Further down south in Bavaria, according to Ver.di the strikes will affect city cleaning and waste collection services, kindergartens and hospitals.

Numerous strikes are planned in Baden-Württemberg between Tuesday and Thursday which will affect kindergartens, clinics and waste collection services. On Thursday, the Stuttgart tram company SSB and urban transport in Esslingen will also be cancelling services; Ver.di warns this will likely have a "very severe impact" on public transport in the greater Stuttgart area.

In Hanover, Lower Saxony, the union says there will be "no buses and trains, garbage collection, or city cleaning services” for the day.

In Berlin, employees of the state-owned hospitals Charité and Vivantes will also be taking part in the warning strikes. In Brandenburg, city authorities in Schwedt, Eberswalde and Prenzlau are on strike.

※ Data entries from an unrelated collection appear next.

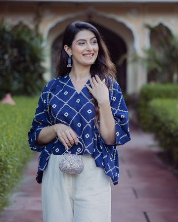 Tarang Pastel Blue Bandhani Silk Suit Set
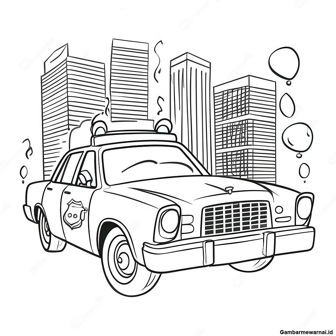 Mobil Polisi Dengan Sirene Halaman Mewarnai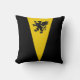"Acalme-se, numa pilha ou numa mesa de grifo." A parte de trás do travesseiro é um padrão em cores coordenadas.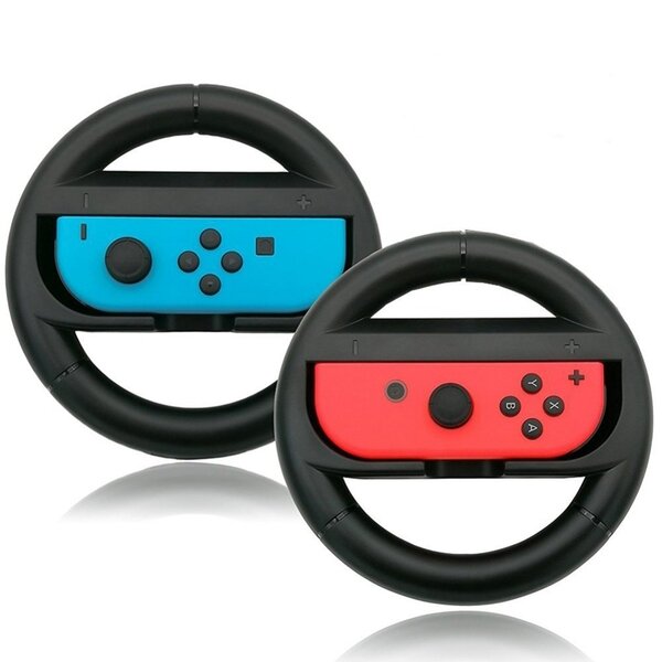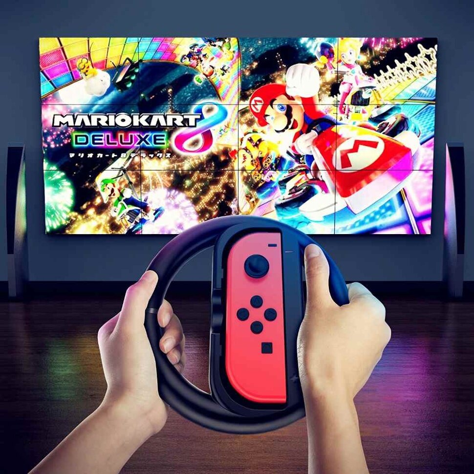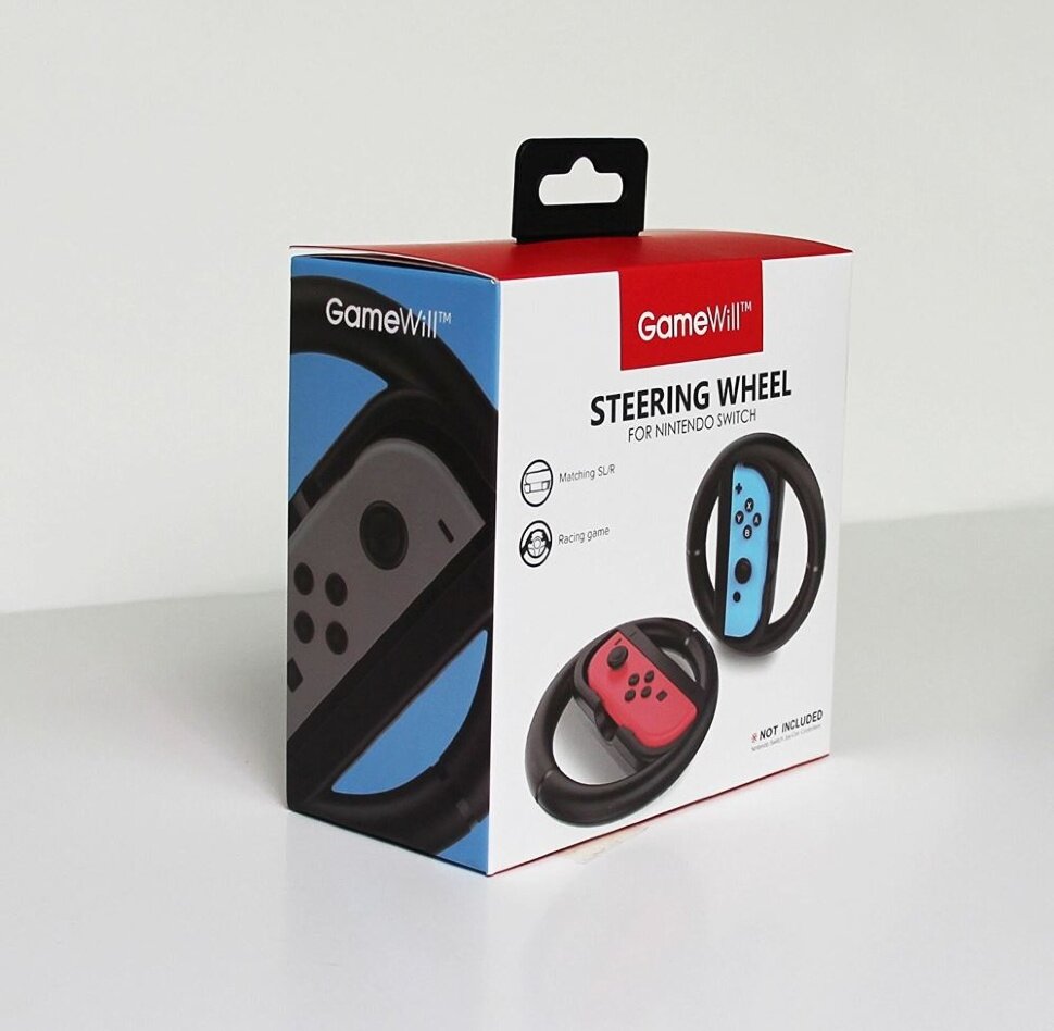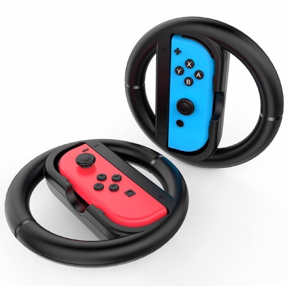 Nintendo Switch Joy-Con Wheel Pair представляет собой руль, к которому можно прикрепить контроллер Joy-Con. В комплект входит два руля, на любом из которых фиксируется как левый, так и правый Joy-Con.

In addition to Tuesday's warning strike at Frankfurt Airport, in Hesse, public service employees in the northern area of the state are also on strike. On Wednesday, health care workers in southern Hesse and public transport in Wiesbaden plan on striking, followed by public service workers in central Hesse on Thursday.

In the federal states of Rhineland-Palatinate and Saarland, Ver.di states that "on various days until Friday the administration departments, kindergartens, public hospitals, waterway and shipping offices, public utility companies and local public transport will be on strike.”

Ver.di. aims to increase the pressure on public service employers shortly before the next round of wage talks scheduled for April 15th and 16th.

The union, which represents 2.3 million public workers in the country, is asking for a six percent pay increase for public service workers from state and local governments, with a minimum increase of €200 each month.